10.11.2005 | 16:42
ausgebrowst.
bisher hatte ichs ja eigentlich richtig gut am arbeitsplatz. immer nen pc mit schnellem webzugang zur hand kam nie langeweile auf.
während die maschinen fleißig ihre arbeit verrichteten war zwischendurch immer wieder genügend zeit zum surfen. praktisch, macht spaß, stürzt die firma dank flatrate auch nicht in unkosten - und webradio ist schon ne feine sache. natürlich durfte die arbeit nicht drunter leiden. und es sollte auch nicht all zu groß herumposaunt werden, und auch die vorgesetzten sollten nicht gerade danebenstehen und zusehen.
aber im großen und ganzen war das wirklich nice. war.
die fetten jahre sind vorbei. manch gewiefter kerl hielt es für eine schlaue idee das firmentelefon für die allseitsbekannten 0190-anrufe zu verwenden, stundenlang, der netzwerkadmin hatte in letzter zeit häufiger probleme mit viren, viel zu viele unvorsichtige user haben da schon blauäugig auf alles was .exe heißt geklickt. klar dass das irgendwann konsequenzen hat. und zwar jetzt. demnächst wird unternehmensweit das getan was im großteil des industriezweigs schon gang und gäbe ist: internetverbot für privatangelegenheiten, verstöße sind ein kündigungsgrund.
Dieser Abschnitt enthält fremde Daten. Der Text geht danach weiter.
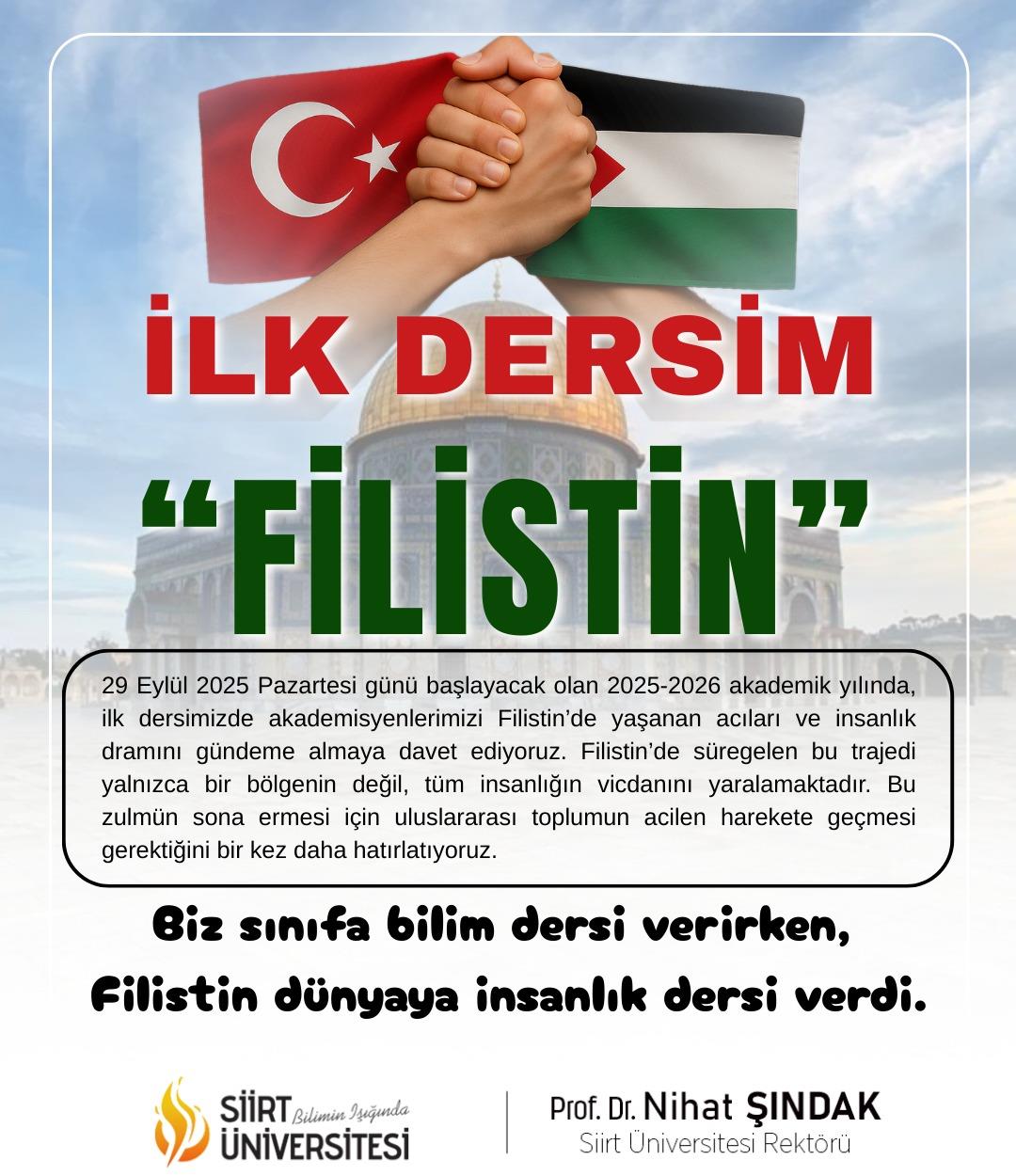 Rektörümüz Prof. Dr. Nihat Şındak’tan Akademik Yılın İlk Dersi: İlk Dersim Filistin

natürlich - nur fair, nur gerecht, sehr verständlich. aber für mich und die kollegen in der abteilung ist das n harter schlag. auf die dauer gewöhnt man sich sehr daran, und viele trostlose stunden in denen man nur darauf wartet wieder produktiv tätig werden zu können haben wir uns mit flashgames und allem möglichen kram im web vertrieben.
naja, um risiken zu vermeiden hab ich heut erstmal ne menge software deinstalliert, spuren verwischt, festplatten n bisschen aufgeräumt.
wenn wir noch wie früher regulär nachtschicht arbeiten würden müsst ich mir über kurz oder lang wohl ne psp kaufen. ansonsten hoff ich einfach drauf nen anderen guten zeitvertreib jenseits des webs zu finden.